# On My Bench: Dencomm’s Animal Pit!



## Aurora-brat (Oct 23, 2002)

I received a package from Dennis of Dencomm on Saturday containing the latest set of test shots for the Animal Pit! He asked that I assemble and assess them from an engineering perspective. My first impression is wow, I'm actually holding styrene parts from an Aurora Mold that was completed in 1971 but never went into production! Needless to say I can't wait to get going on these.

Back when my dad worked at Aurora I dreamed of someday working there, too. Unfortunately, Aurora went out of business several years before I entered the job market, so I thought it was just not meant to be. Well, with these parts in hand, it’s as if Aurora is still in business and I am on staff in their R&D department! It is truly a dream come true. 










If there is any interest I would be happy to post photos of my progress as I go.

 Tory


----------



## 1bluegtx (Aug 13, 2004)

Wow! that is awesome.

BRIAN


----------



## scooke123 (Apr 11, 2008)

I'm up for some WIP's too!
Steve


----------



## rkoenn (Dec 18, 2007)

That will be one to add to my stash when they release it. I never knew about the original back in the day but I have all the others and this one is very cool.


----------



## PRE-SCENES 2 (Aug 16, 2005)

WOW! It's about time we see some results!

Heck YAH!!! we wanna see some WIP's Tory!!! :thumbsup:

Is there any clear parts?


----------



## deadmanincfan (Mar 11, 2008)

ABSOLUTELY WIPs, Tory!


----------



## Night-Owl (Mar 17, 2000)

Excellent! Bring on the WIP pix.


----------



## Aurora-brat (Oct 23, 2002)

PRE-SCENES 2 said:


> WOW! It's about time we see some results!
> 
> Heck YAH!!! we wanna see some WIP's Tory!!! :thumbsup:
> 
> Is there any clear parts?


No clear parts Steve, apparently the clear mold which we've discovered also housed the original Giant Insect wings and eyes was destroyed. I'm going to see if there is another way to create the large clear windows since that was all there was as far as clear parts, probably why it was in a family mold in the first place.

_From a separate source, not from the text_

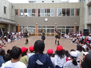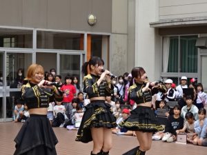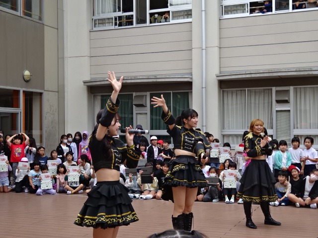 昼休みには、11月9日に柳津天神神社で行われる「第2回 柳津祭り」の宣伝のために、岐阜のアイドル『蜂蜜★皇帝(ハチミツエンペラー)』が柳津小に来てくれました。中庭のなかよしステージでミニライブがあり、たくさんの子どもたちが大興奮でライブを楽しみました。
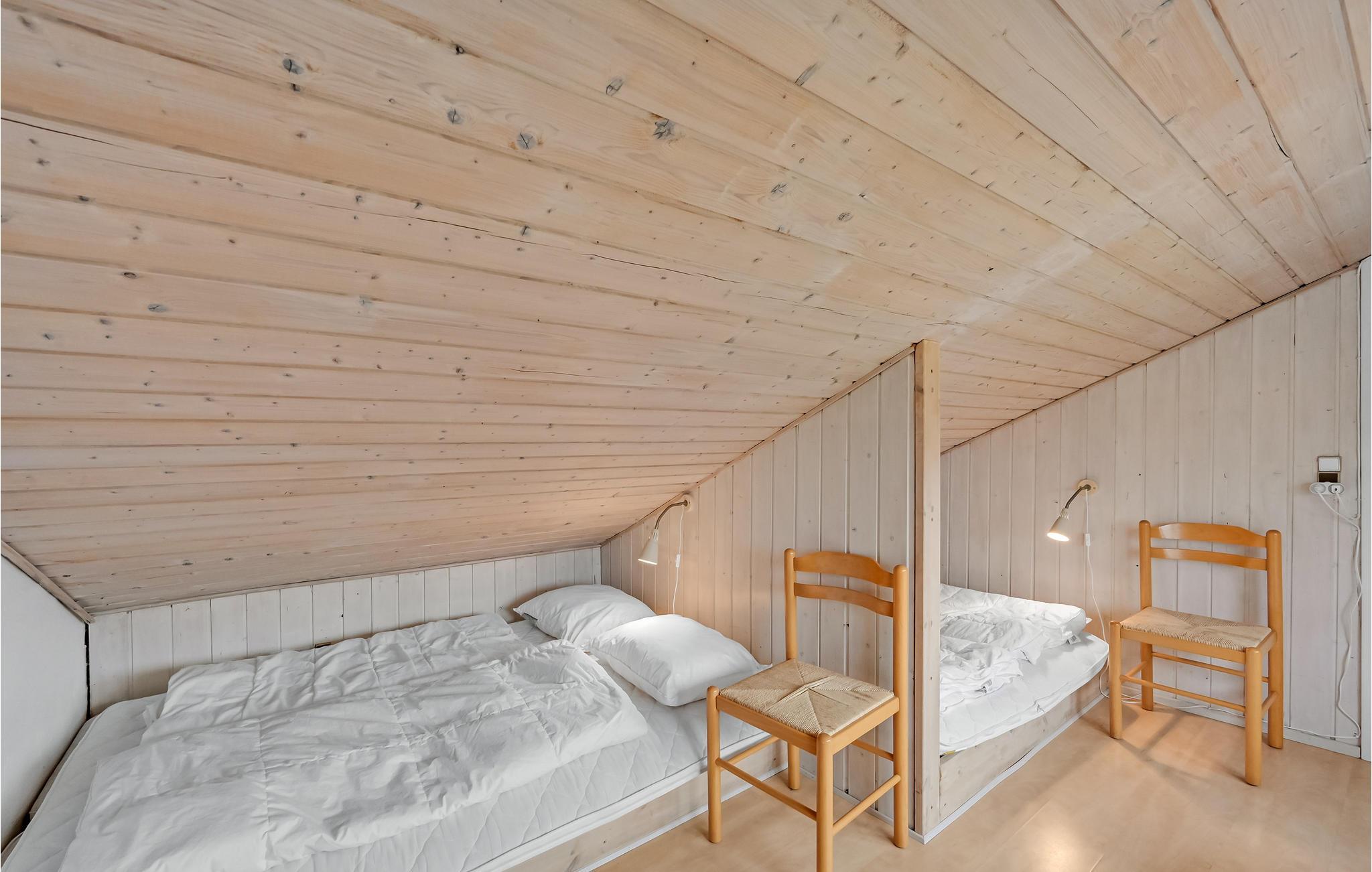 In der Wohnung gibt es eine gemütliche Wohnküche mit TV. Das eine Schlafzimmer hat zwei Einzelbetten, während die 1. Etage mit zwei Doppelbetten, die durch eine Trennwand voneinander getrennt sind, eingerichtet ist. Es gibt ein Bad mit Dusche.

Seems there is interest in some WIP photos so I will post them as I progress!

Thanks guys.

Tory


----------



## Zathros (Dec 21, 2000)

*I guess now...it shouldnt be too long before these kits finally come out:thumbsup:*


----------



## Hunch (Apr 6, 2003)

Aurora-brat said:


> No clear parts Steve, apparently the clear mold which we've discovered also housed the original Giant Insect wings and eyes was destroyed. I'm going to see if there is another way to create the large clear windows since that was all there was as far as clear parts, probably why it was in a family mold in the first place.
> 
> Seems there is interest in some WIP photos so I will post them as I progress!
> 
> ...


It would have also housed the clear lantern part for the dungeon, correct? Will a new mold be cut?


----------



## mrmurph (Nov 21, 2007)

Oh, this is going to be FUN. I am very much looking forward to your WIPs and discussions.


----------



## Aurora-brat (Oct 23, 2002)

Hunch said:


> It would have also housed the clear lantern part for the dungeon, correct? Will a new mold be cut?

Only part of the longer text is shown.